[REQUIRED WORK] All that is wanted is a word-for-word copy of the data from its first line to the line containing "주택 내부의 모습인데요. 방2, 화장실1, 주방, 다용도실로 되어 있습니다.", both included.

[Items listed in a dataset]
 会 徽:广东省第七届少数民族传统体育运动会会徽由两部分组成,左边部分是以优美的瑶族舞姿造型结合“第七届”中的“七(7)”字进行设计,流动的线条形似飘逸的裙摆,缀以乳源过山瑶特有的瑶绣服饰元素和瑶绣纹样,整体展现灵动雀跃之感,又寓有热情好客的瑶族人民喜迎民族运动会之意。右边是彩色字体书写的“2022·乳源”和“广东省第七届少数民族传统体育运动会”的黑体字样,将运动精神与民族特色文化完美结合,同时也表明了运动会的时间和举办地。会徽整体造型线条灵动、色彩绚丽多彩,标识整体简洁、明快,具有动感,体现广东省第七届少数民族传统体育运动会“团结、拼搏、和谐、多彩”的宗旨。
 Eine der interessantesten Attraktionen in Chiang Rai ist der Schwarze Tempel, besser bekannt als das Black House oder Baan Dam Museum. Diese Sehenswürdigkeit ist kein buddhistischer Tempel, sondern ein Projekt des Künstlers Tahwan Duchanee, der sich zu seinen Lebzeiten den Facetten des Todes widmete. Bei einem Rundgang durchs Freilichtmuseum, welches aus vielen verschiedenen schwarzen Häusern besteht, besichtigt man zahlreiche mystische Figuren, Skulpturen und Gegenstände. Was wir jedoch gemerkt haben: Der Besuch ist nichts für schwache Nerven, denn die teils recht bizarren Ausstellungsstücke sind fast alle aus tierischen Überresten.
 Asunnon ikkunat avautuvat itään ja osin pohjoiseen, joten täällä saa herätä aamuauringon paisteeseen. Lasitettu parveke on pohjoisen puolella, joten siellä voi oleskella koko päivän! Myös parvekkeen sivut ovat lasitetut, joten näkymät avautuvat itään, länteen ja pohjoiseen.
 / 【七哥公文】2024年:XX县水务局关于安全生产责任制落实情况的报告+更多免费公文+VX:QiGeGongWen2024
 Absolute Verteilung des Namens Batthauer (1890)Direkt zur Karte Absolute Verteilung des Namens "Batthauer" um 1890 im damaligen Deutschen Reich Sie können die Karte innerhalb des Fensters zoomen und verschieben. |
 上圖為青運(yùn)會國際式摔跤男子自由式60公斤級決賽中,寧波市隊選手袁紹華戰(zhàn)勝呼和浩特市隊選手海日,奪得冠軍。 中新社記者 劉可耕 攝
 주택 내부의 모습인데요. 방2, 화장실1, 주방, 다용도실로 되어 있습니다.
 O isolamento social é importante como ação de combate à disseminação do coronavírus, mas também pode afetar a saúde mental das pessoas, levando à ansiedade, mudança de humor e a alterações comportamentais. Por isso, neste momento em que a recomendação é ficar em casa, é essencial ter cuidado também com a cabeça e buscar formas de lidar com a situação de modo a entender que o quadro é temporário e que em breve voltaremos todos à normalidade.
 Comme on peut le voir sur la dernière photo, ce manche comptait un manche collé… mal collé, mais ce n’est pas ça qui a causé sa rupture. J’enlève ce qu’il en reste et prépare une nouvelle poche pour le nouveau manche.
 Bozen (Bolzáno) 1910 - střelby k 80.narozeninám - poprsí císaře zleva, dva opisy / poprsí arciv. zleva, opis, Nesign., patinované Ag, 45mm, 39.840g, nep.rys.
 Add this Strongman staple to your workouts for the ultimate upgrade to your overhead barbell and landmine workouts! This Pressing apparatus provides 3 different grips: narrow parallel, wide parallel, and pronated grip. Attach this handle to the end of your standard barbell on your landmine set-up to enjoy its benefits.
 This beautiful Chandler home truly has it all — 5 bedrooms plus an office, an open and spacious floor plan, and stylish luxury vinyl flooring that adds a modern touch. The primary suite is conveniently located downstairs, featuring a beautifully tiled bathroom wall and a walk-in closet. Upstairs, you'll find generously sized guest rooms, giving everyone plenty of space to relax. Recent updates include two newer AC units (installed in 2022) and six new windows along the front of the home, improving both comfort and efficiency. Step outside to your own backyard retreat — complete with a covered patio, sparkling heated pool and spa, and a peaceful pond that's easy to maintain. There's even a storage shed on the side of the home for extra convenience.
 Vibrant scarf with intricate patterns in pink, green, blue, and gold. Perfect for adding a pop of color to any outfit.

[TASK RESPONSE]
 会 徽:广东省第七届少数民族传统体育运动会会徽由两部分组成,左边部分是以优美的瑶族舞姿造型结合“第七届”中的“七(7)”字进行设计,流动的线条形似飘逸的裙摆,缀以乳源过山瑶特有的瑶绣服饰元素和瑶绣纹样,整体展现灵动雀跃之感,又寓有热情好客的瑶族人民喜迎民族运动会之意。右边是彩色字体书写的“2022·乳源”和“广东省第七届少数民族传统体育运动会”的黑体字样,将运动精神与民族特色文化完美结合,同时也表明了运动会的时间和举办地。会徽整体造型线条灵动、色彩绚丽多彩,标识整体简洁、明快,具有动感,体现广东省第七届少数民族传统体育运动会“团结、拼搏、和谐、多彩”的宗旨。
 Eine der interessantesten Attraktionen in Chiang Rai ist der Schwarze Tempel, besser bekannt als das Black House oder Baan Dam Museum. Diese Sehenswürdigkeit ist kein buddhistischer Tempel, sondern ein Projekt des Künstlers Tahwan Duchanee, der sich zu seinen Lebzeiten den Facetten des Todes widmete. Bei einem Rundgang durchs Freilichtmuseum, welches aus vielen verschiedenen schwarzen Häusern besteht, besichtigt man zahlreiche mystische Figuren, Skulpturen und Gegenstände. Was wir jedoch gemerkt haben: Der Besuch ist nichts für schwache Nerven, denn die teils recht bizarren Ausstellungsstücke sind fast alle aus tierischen Überresten.
 Asunnon ikkunat avautuvat itään ja osin pohjoiseen, joten täällä saa herätä aamuauringon paisteeseen. Lasitettu parveke on pohjoisen puolella, joten siellä voi oleskella koko päivän! Myös parvekkeen sivut ovat lasitetut, joten näkymät avautuvat itään, länteen ja pohjoiseen.
 / 【七哥公文】2024年:XX县水务局关于安全生产责任制落实情况的报告+更多免费公文+VX:QiGeGongWen2024
 Absolute Verteilung des Namens Batthauer (1890)Direkt zur Karte Absolute Verteilung des Namens "Batthauer" um 1890 im damaligen Deutschen Reich Sie können die Karte innerhalb des Fensters zoomen und verschieben. |
 上圖為青運(yùn)會國際式摔跤男子自由式60公斤級決賽中,寧波市隊選手袁紹華戰(zhàn)勝呼和浩特市隊選手海日,奪得冠軍。 中新社記者 劉可耕 攝
 주택 내부의 모습인데요. 방2, 화장실1, 주방, 다용도실로 되어 있습니다.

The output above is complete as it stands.